We introduce now the glorious Pandas' `DataFrame`, that is the way to work with structured data (`.xls, .csv, .tsv` ...) in Python. 

The `.head()` method returns the first five rows of our `DataFrame`

In [None]:
tips.head()

Likewise, `.tail` method returns the last five rows...

In [None]:
tips.tail()

We can see the size of our data set, calling the `shape` attribute.

In [None]:
tips.shape

First thing we can do when we are working with `DataFrame`s is to call the `.describe()` method. 

In [None]:
tips.describe()

Now we have a sense of our data. There are three numerical columns and we know their descriptive statistics, and their quartiles.

### Selecting columns 

It's better to select columns and create a new dataframe, than dropping the unwanted columns one by one. 

In [None]:
tips[['total_bill', 'tip', 'smoker']].head()

### Filtering 

The most intuitive way of filtering is through boolean indexing. Let's select the data corresponding to Dinner in our data set.

In [None]:
(tips['time'] == 'Dinner').tail()

In this way, we can see that the returned object is a column of boolean objects. We can now call this boolean column to select what we want from our data.

In [None]:
tips[tips['time'] == 'Dinner'].tail()

The above statement is passing a Series of `True/ False` objects to the DataFrame, returning all rows with `True`. 

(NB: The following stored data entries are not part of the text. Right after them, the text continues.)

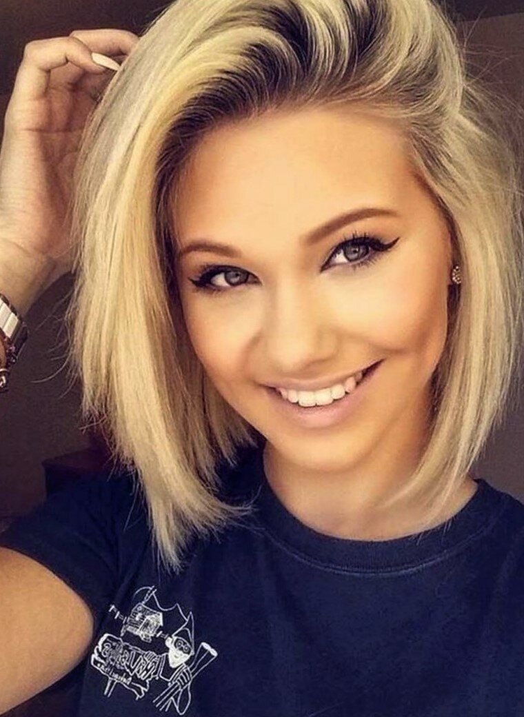 Каре прическа блондинка с короткой стрижкой
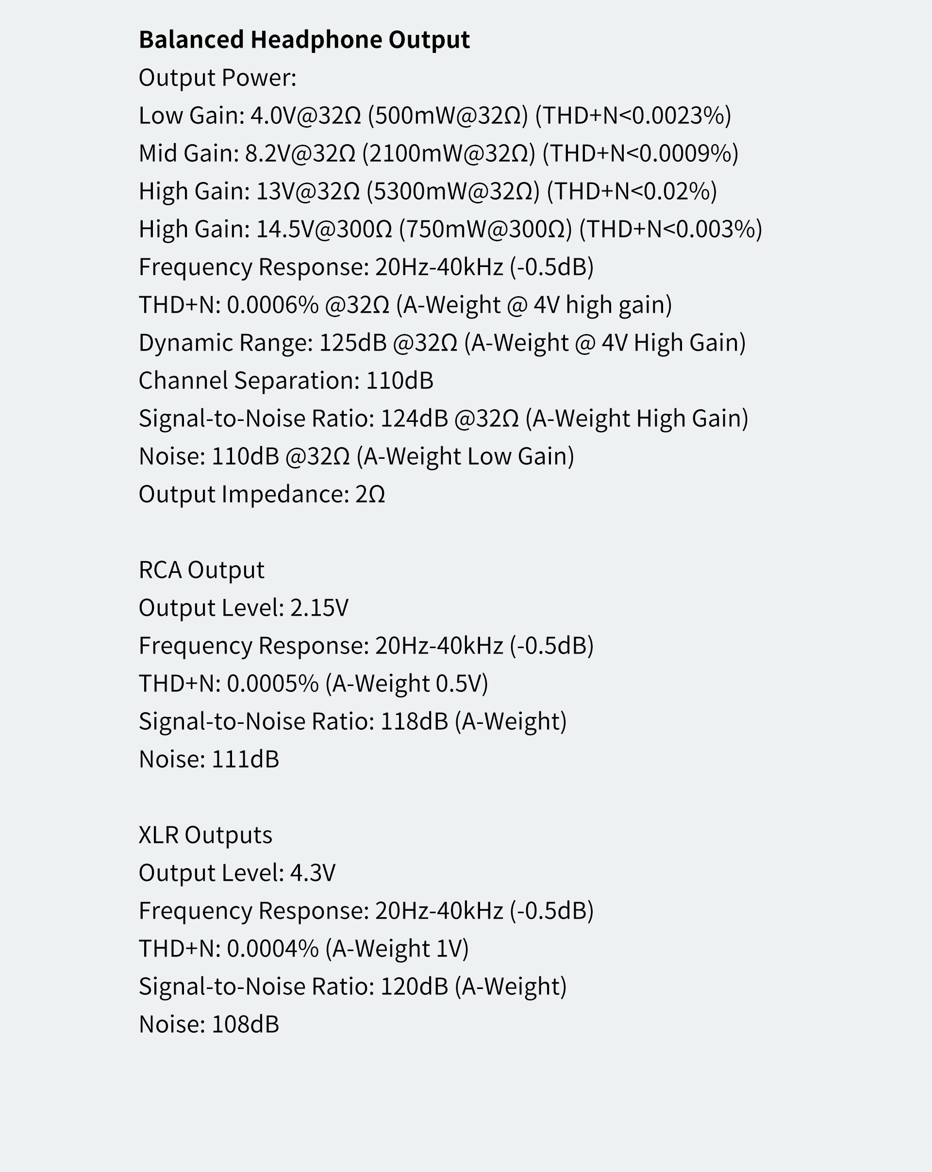 • Dynamikbereich: 123 dB bei 32 Ω (A-Gewicht, hohe Verstärkung).
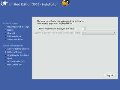 Normal olarak açılışta kullanıcı girişi için bir seçim ekranı çıkar. Ancak bu
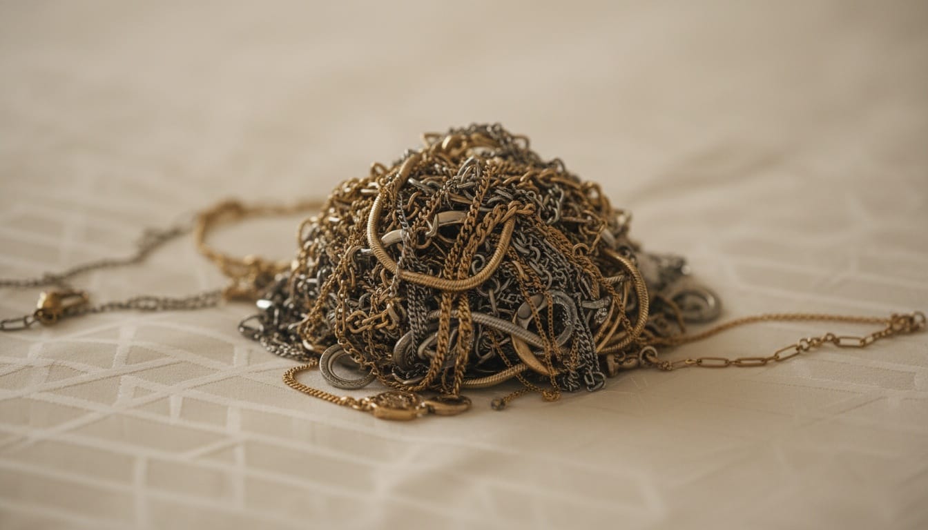 One of the biggest mistakes is leaving necklaces unclasped, which allows the two ends to find each other and form knots. Another common error is mixing heavy watches or bangles with delicate chains, as the heavier items can crush or scratch the smaller ones.
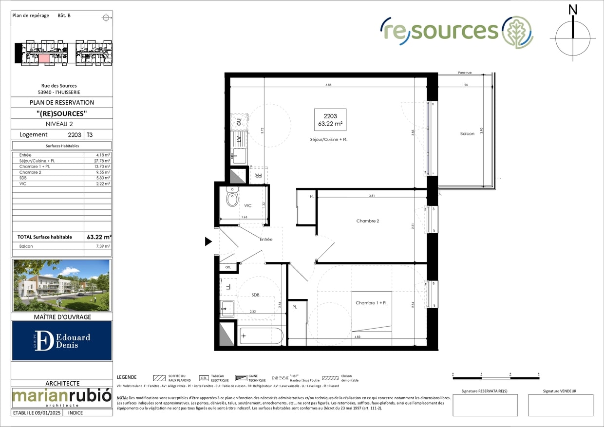 Appartement · Location L Huisserie (53970) 3 pièces · 63m²
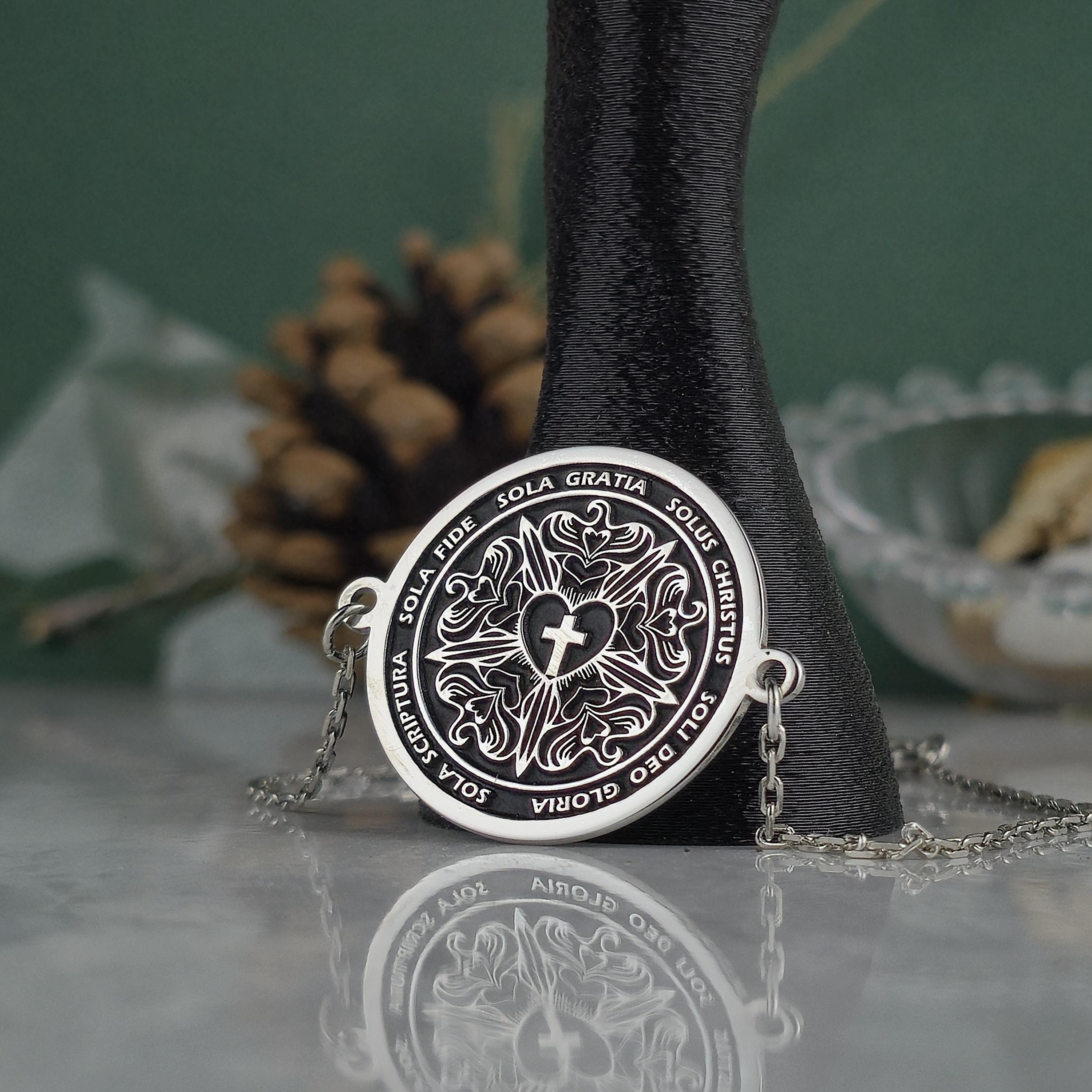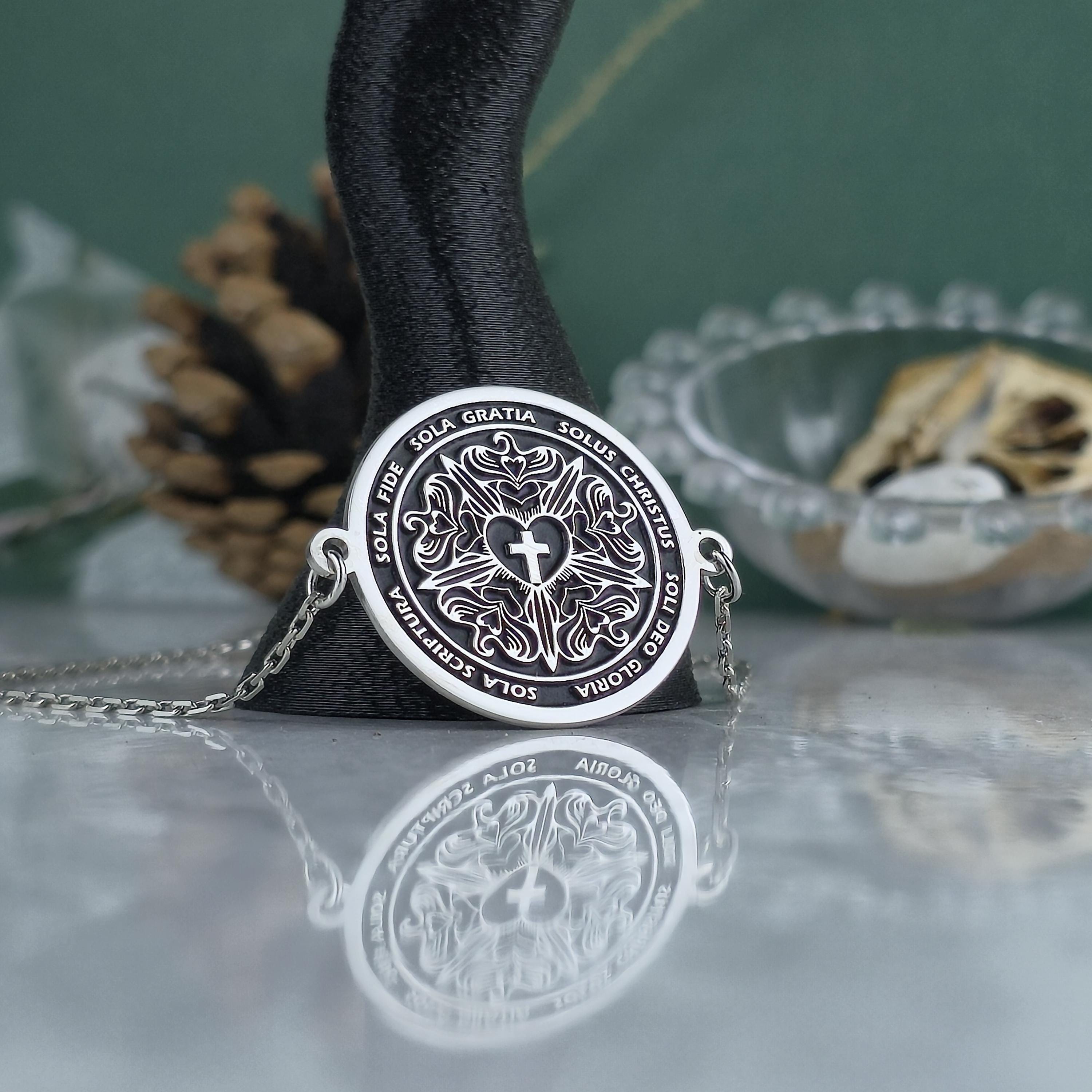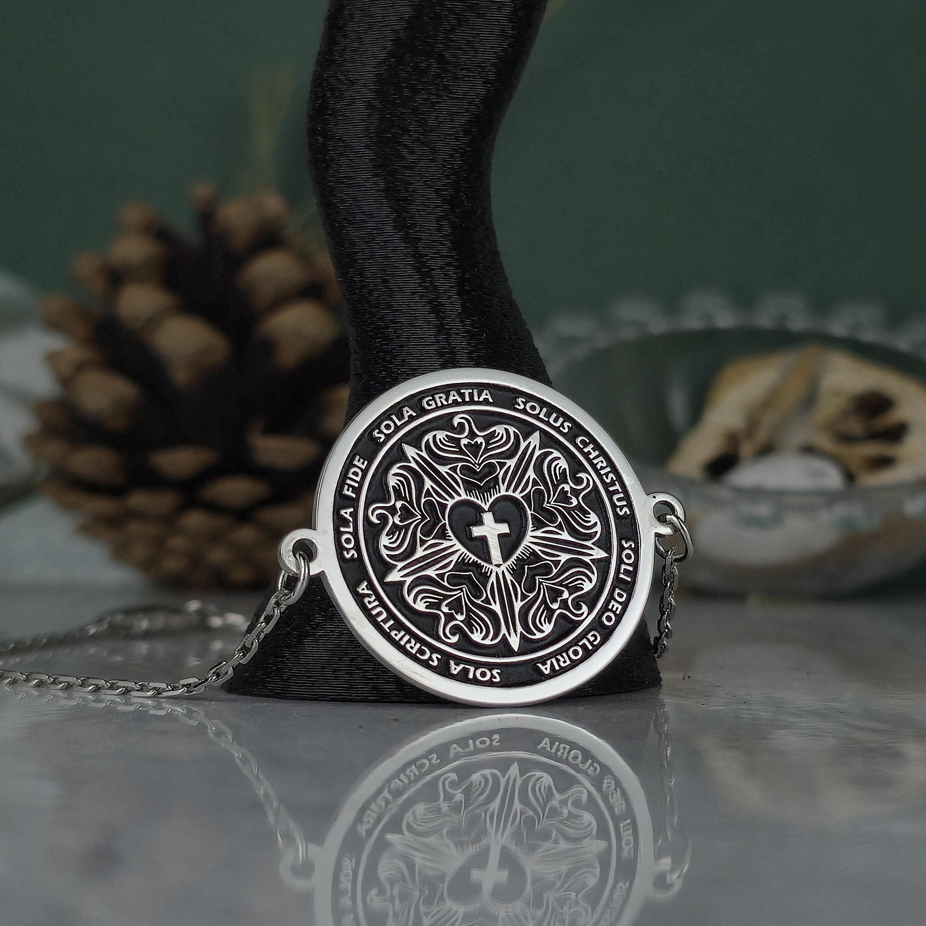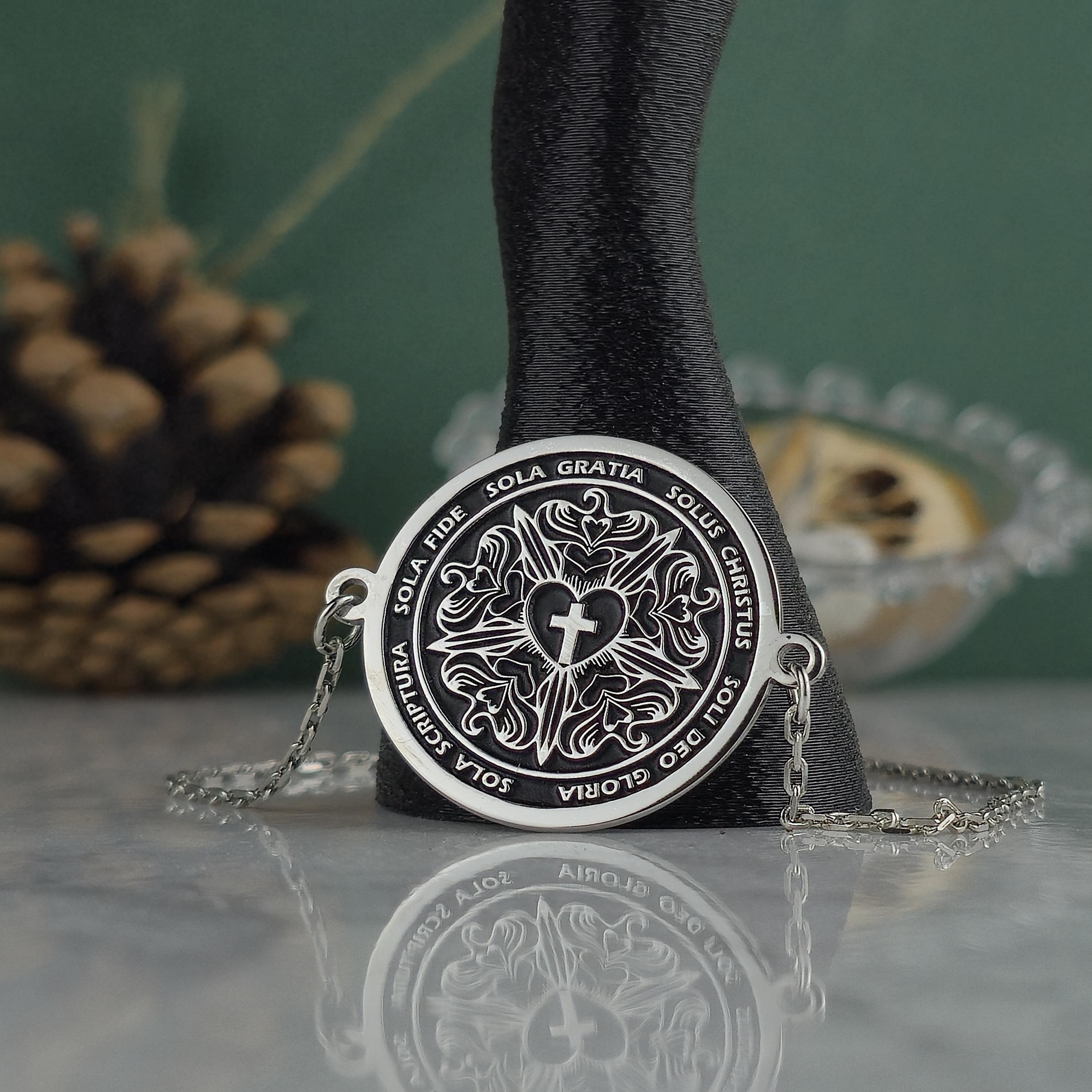 Each inscription on the locket celebrates the core values that have shaped Christian devotion for centuries: faith alone, grace alone, Christ alone, Scripture alone, and glory to God alone.

This is another way to do it. 

In [None]:
is_dinner = tips['time'] == 'Dinner'
    
##This yields exactly the same 
tips[is_dinner].tail()

Let's now count the number of dinner entries in our data set. we can use the `.value_counts()` method to do so. 

In [None]:
is_dinner.value_counts()

There are a lot of methods like this one, already implemented in Pandas. 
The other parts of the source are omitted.